### Data for processing
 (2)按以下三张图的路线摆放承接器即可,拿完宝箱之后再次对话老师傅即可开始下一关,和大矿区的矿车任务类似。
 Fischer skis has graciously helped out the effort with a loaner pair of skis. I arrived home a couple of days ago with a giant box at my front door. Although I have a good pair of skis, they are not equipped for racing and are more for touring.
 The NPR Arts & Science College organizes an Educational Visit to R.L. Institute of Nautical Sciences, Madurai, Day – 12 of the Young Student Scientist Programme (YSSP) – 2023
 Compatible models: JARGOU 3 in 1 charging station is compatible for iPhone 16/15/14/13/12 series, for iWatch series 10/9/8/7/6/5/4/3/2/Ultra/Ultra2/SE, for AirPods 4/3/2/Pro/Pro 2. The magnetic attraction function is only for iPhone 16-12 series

---

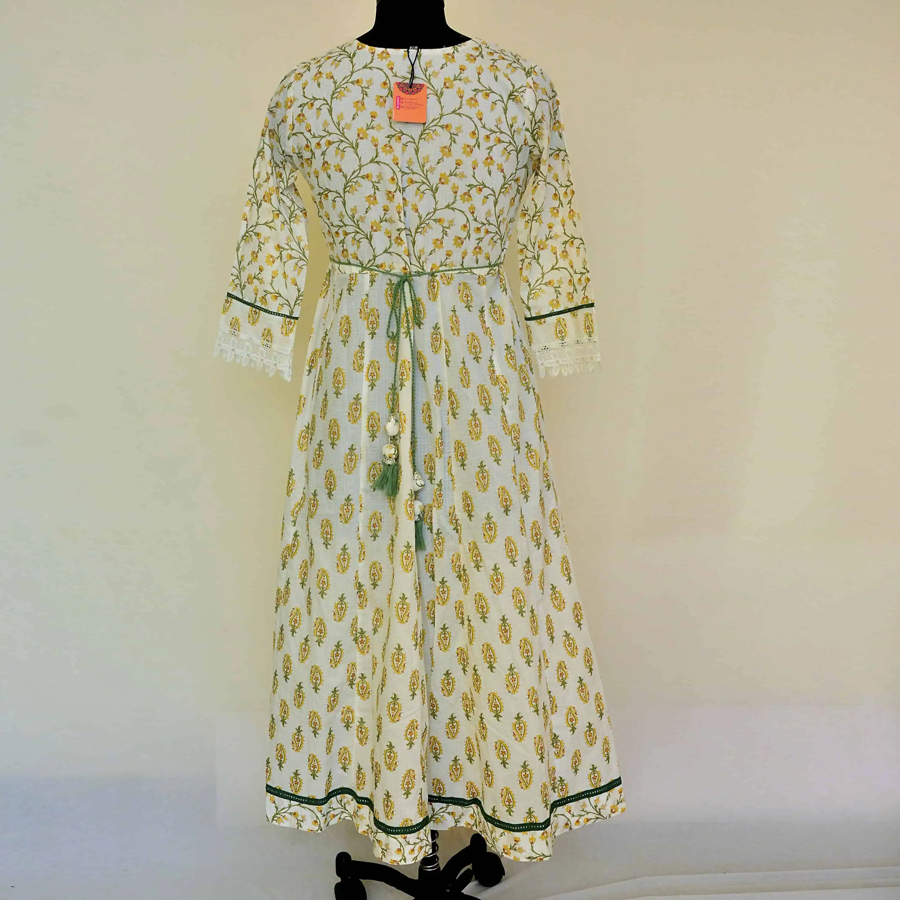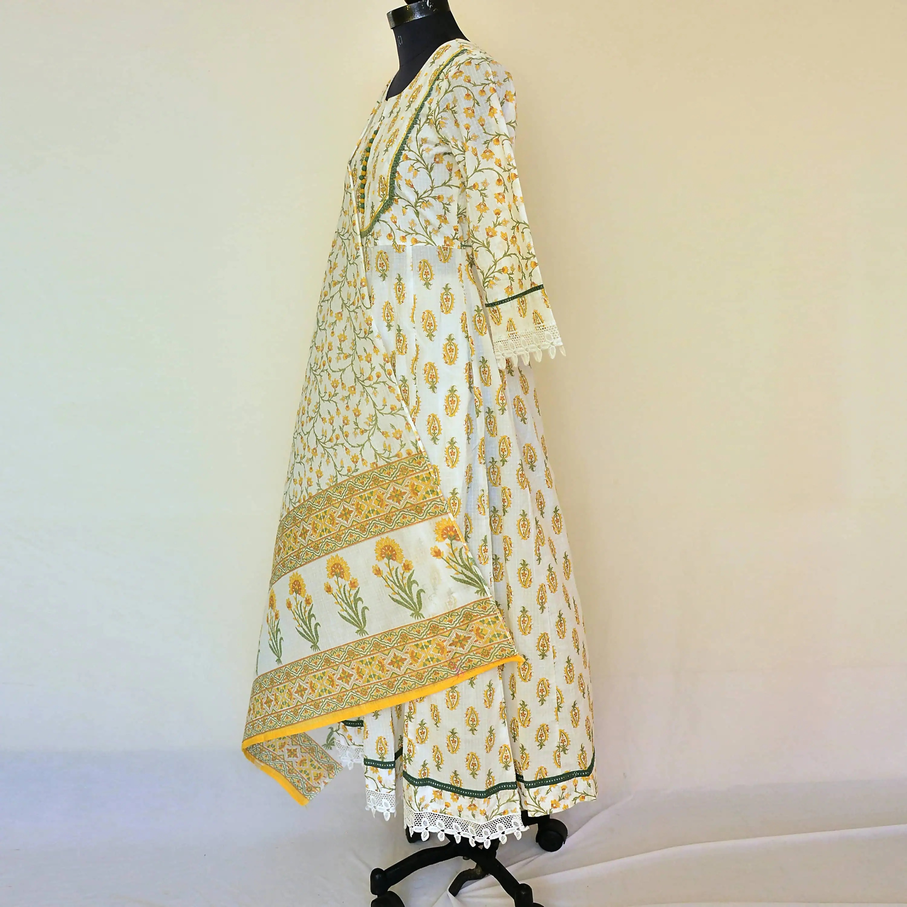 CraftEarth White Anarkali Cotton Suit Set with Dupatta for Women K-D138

### Assigned task
All that is wanted is an exact copy of the lines above from the one with "(2)按以下三张图的路线摆放" through the one with "The NPR Arts", with both ends included.

### Expected answer
 (2)按以下三张图的路线摆放承接器即可,拿完宝箱之后再次对话老师傅即可开始下一关,和大矿区的矿车任务类似。
 Fischer skis has graciously helped out the effort with a loaner pair of skis. I arrived home a couple of days ago with a giant box at my front door. Although I have a good pair of skis, they are not equipped for racing and are more for touring.
 The NPR Arts & Science College organizes an Educational Visit to R.L. Institute of Nautical Sciences, Madurai, Day – 12 of the Young Student Scientist Programme (YSSP) – 2023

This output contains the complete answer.